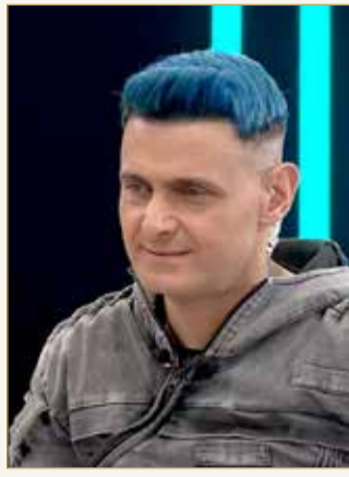
ينتر القرف في كل مكان
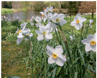
Dichtersnarcis Bloei: april-mei
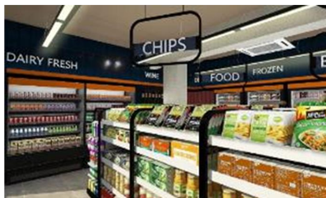
<店舗内観 デザインイメージ>
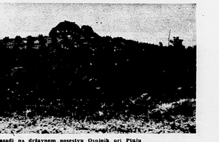
Brekovi nasadi na državnem posestvu Osojnik pri Ptuj

Cilj naših proizvodnih setev-nih preizkušanj z mnogimi italijanskimi in avstrijskimi sortami je bil in je še naprej ta, da z najbolj ustreznimi agrotehničnimi ukrepi najdemo

**What you should do:**
Give again, unchanged, only the lines from the line containing "Dichtersnarcis Bloei: april-mei" to the last line of the records above. Pictures do not belong in the copy.

**Response below:**
Dichtersnarcis Bloei: april-mei
<店舗内観 デザインイメージ>
Brekovi nasadi na državnem posestvu Osojnik pri Ptuj

Cilj naših proizvodnih setev-nih preizkušanj z mnogimi italijanskimi in avstrijskimi sortami je bil in je še naprej ta, da z najbolj ustreznimi agrotehničnimi ukrepi najdemo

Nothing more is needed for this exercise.